So let's take your main concern of whether or not the FDA can approve "two small trials (N= 25 and N= 33/36) that only ran for short times (AVATAR was high dose for only 7 weeks). Can they approve a drug that has been tested over 7 weeks?"
According to the FDA guidelines for Drug Development for Rare Diseases:
"The purpose of this guidance is to assist sponsors of drug and biological products for the treatment or prevention of rare diseases in conducting more efficient and successful drug development programs.
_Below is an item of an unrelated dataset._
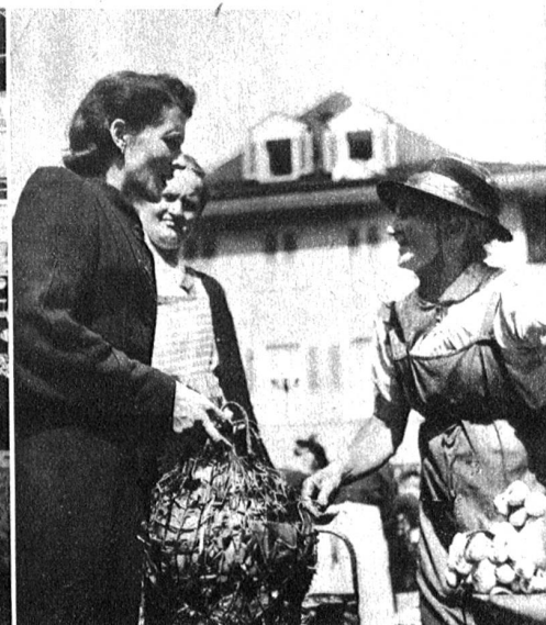
Der Einkauf ist bei der grossen Auswahl eine Freude

Wirtschaft ein völliger Zusammenbruch im Hinblick auf die Möglichkeiten und Notwendigkeiten in den Nachkriegsjahren nicht eintreten. Hilfsmassnahmen des Bundes und der Kantone sind daher im Interesse der Allgemeinheit.

Although the statutory requirements for marketing approval for drugs to treat rare and common diseases are the same and issues discussed in this guidance are encountered in other drug development programs, these issues are frequently more difficult to address in the context of a rare disease for which there is often limited medical and scientific knowledge, natural history data, and drug development experience."
"This draft guidance, when finalized, will represent the current thinking of the Food and Drug Administration (FDA or Agency) on this topic."
I provided the link above so that you can read their full "thinking" on this subject.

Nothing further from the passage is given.